Prove: (arithmetic mean $=$ geometric mean) $\Rightarrow$ all variables are equal for $n>2$

This answer presumes $\text{AM}\ge\text{GM}$ is true. In other words, we consider $\text{AM}\ge\text{GM}$ as a black box, which we uses without proof. If we already know some proof of this inequality, however, the result would immediately follow from it.
Now suppose for some $x_1\ne x_2$ we have $\text{AM}(x_1,x_2,\cdots,x_n)=\text{GM}(x_1,x_2,\cdots,x_n)$. Let $x_1'=x_2'=(x_1+x_2)/2$, we see $$\text{AM}(x_1',x_2',\cdots,x_n)=\text{AM}(x_1,x_2,\cdots,x_n)$$ Meanwhile, we have $x_1'x_2'-x_1x_2=(x_1-x_2)^2/4>0$, hence $$\text{GM}(x_1',x_2',\cdots,x_n)>\text{GM}(x_1,x_2,\cdots,x_n)$$ Combining these results, we find $$\text{AM}(x_1',x_2',\cdots,x_n)<\text{GM}(x_1',x_2',\cdots,x_n)$$ Contradicting $\text{AM}-\text{GM}$ inequality. So $x_1=x_2$ if the equality holds. For the same reason, all $x_i$ is equal.

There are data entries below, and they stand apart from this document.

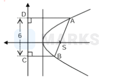 Let is the focal chord of a parabola and and be the foot of the perpendiculars from and on its directrix respectively. If units and area of trapezium is square units, then the length (in units) of the chord is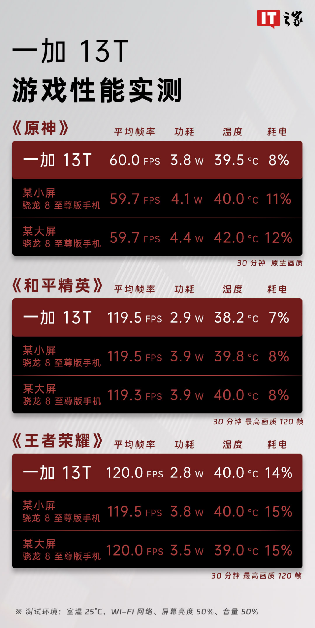 从实测数据来看,搭载 6260mAh 冰川电池的一加 13T,即使在中度使用场景下,也能轻松实现 8 小时亮屏续航。由此看来,号称「小屏大魔王」的一加 13T,凭借独家 6260mAh 高性能冰川电池,在紧凑机身内实现续航能力的突破。从IT之家上述测试来看,续航表现不仅远超同规格小屏机型,更超越不少主流大屏旗舰。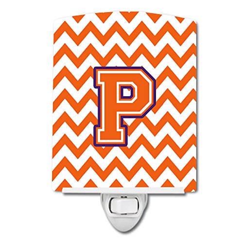 Caroline's Treasures Letter P Chevron Orange and Regalia Ceramic Night Light, 6 x 4", Multicolor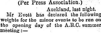 (Per Press Association.) Auckland, last night. Mr Evott has declared the following weights for the minor ovonta to bo run on the opening day of the A.R.C. summer meoting:—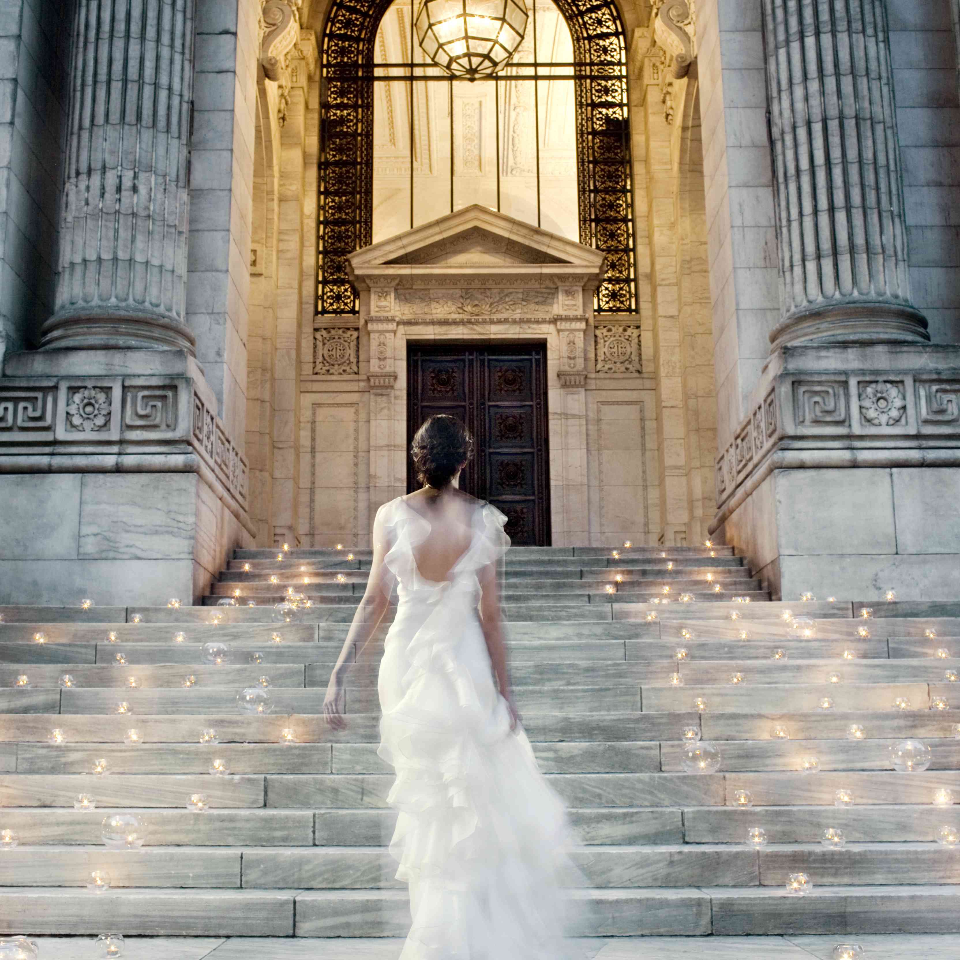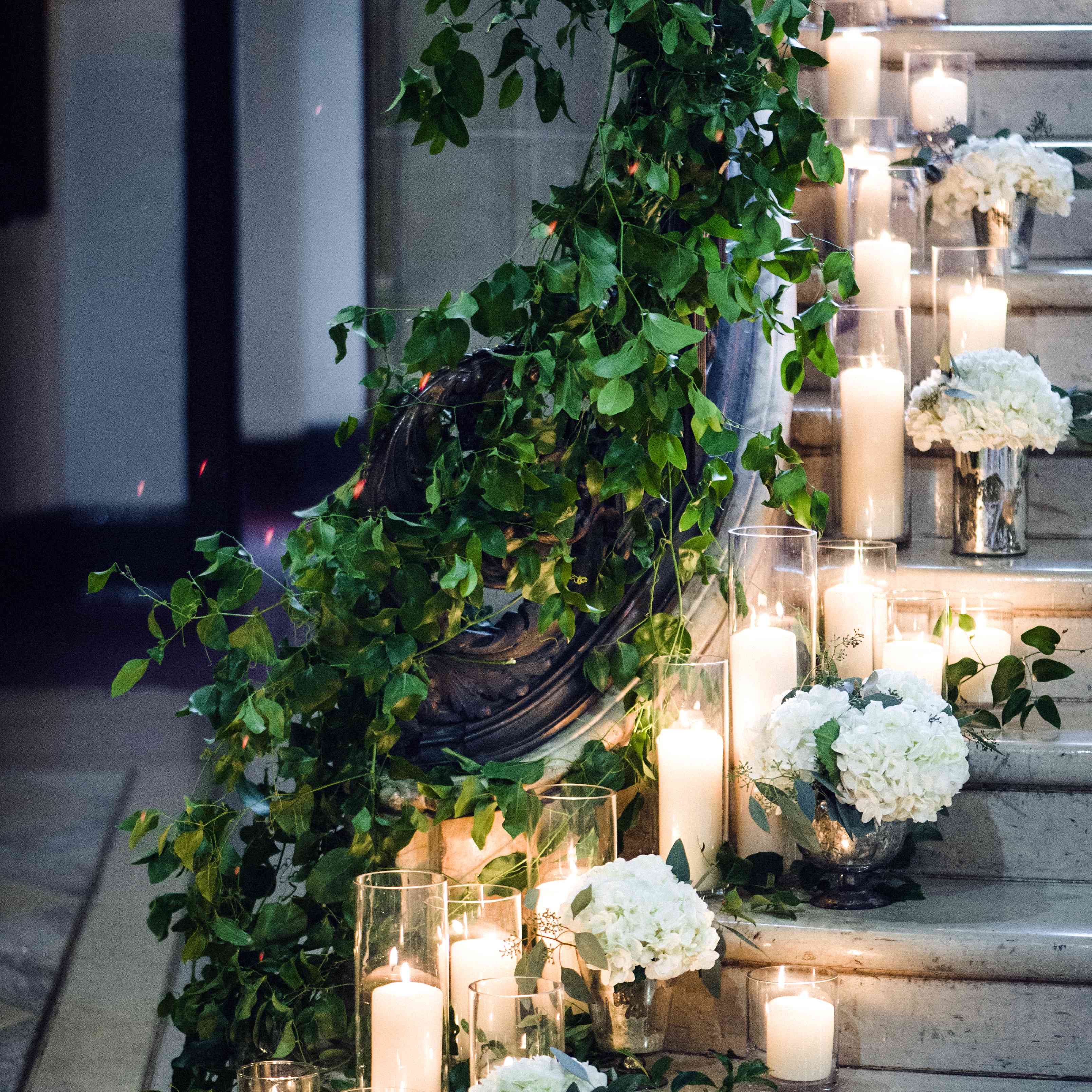 让您的隆重入场更加盛大楼梯上的茶灯闪闪发光。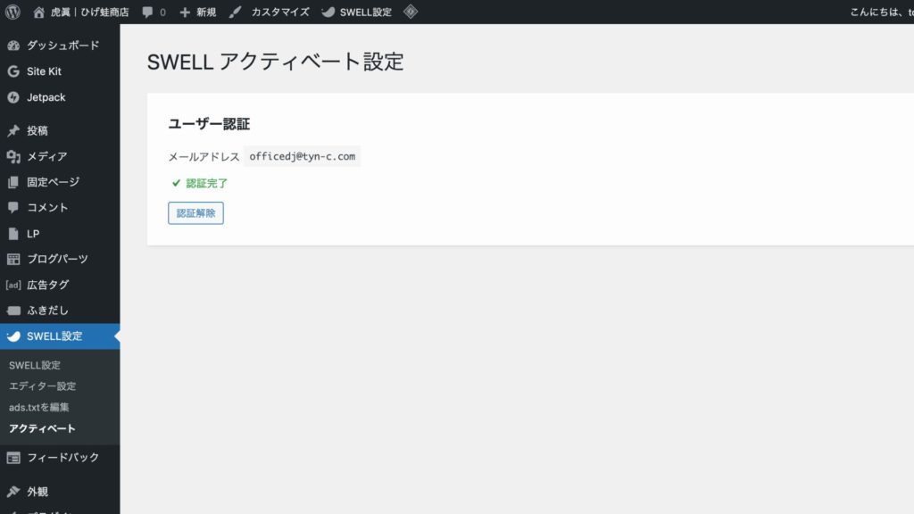 管理画面へアクセスしてください【SWELL設定】→【アクティベート】ページを開きます。

Here is a hint for the proof of $n=4$

$(x_1x_2x_3x_4)^{1/4} = \sqrt{\sqrt{x_1x_2}\sqrt{x_3x_4}}$

Can you extend that to $n=8$ and so on?

Then, if you have it for $n=4$, you can show it for $n=3$ by letting $x_4$ be the average of the other three.